## Exercise
Using the entries below, restate word for word only the lines from the one with "31 มกราคม 2565" to the final line, leaving the pictures out.

## Supplied material

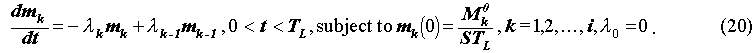 where mk(t)[mol/m2yr] is the congruent release rate of radionuclide k. TL [yr] is the leach time of the waste solid, which is the time period between the beginning and the end of the waste glass alteration. If the glass alters at a constant rate during the leach time TL, the congruent release rate,mk(t) , is obtained by solving:
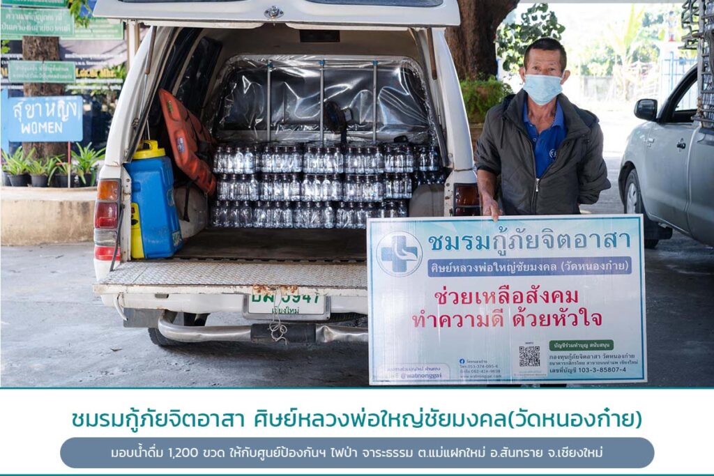 31 มกราคม 2565 ชมรมกู้ภัยจิตอาสาศิษย์หลวงพ่อใหญ่ชัยมงคลวัดหนองก๋ายมอบน้ำดื่ม 1,200 ขวดให้กับศูนย์ป้องกันและแก้ไขปัญหาหมอกควันไฟป่าจาระธรรม ต.แม่แฝกใหม่ อ.สันทราย จ.เชียงใหม่
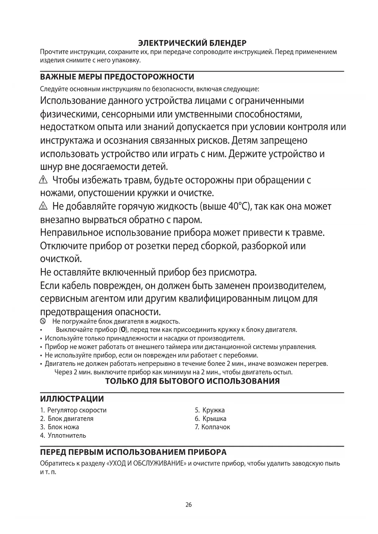 Не оставляйте включенный прибор без присмотра. Если кабель поврежден, он должен быть заменен производителем, сервисным агентом или другим квалифицированным лицом для предотвращения опасности. l Не погружайте блок двигателя в жидкость.
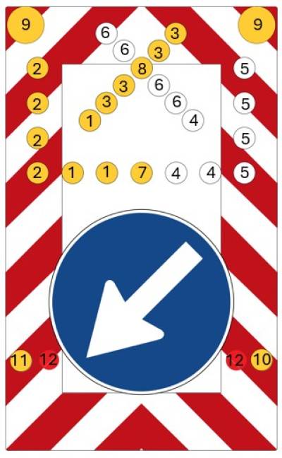 Hier können nur die drei Signalbilder angezeigt werden (Pfeil links, Pfeil rechts oder Sperrkreuz). Die Rücklichter und die Blinker bleiben funktionslos.
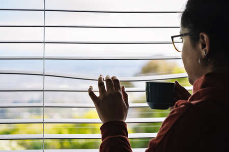 Woman drinking coffee and looking outside through American blinds. Copy space

## Answer for the task
 31 มกราคม 2565 ชมรมกู้ภัยจิตอาสาศิษย์หลวงพ่อใหญ่ชัยมงคลวัดหนองก๋ายมอบน้ำดื่ม 1,200 ขวดให้กับศูนย์ป้องกันและแก้ไขปัญหาหมอกควันไฟป่าจาระธรรม ต.แม่แฝกใหม่ อ.สันทราย จ.เชียงใหม่
 Не оставляйте включенный прибор без присмотра. Если кабель поврежден, он должен быть заменен производителем, сервисным агентом или другим квалифицированным лицом для предотвращения опасности. l Не погружайте блок двигателя в жидкость.
 Hier können nur die drei Signalbilder angezeigt werden (Pfeil links, Pfeil rechts oder Sperrkreuz). Die Rücklichter und die Blinker bleiben funktionslos.
 Woman drinking coffee and looking outside through American blinds. Copy space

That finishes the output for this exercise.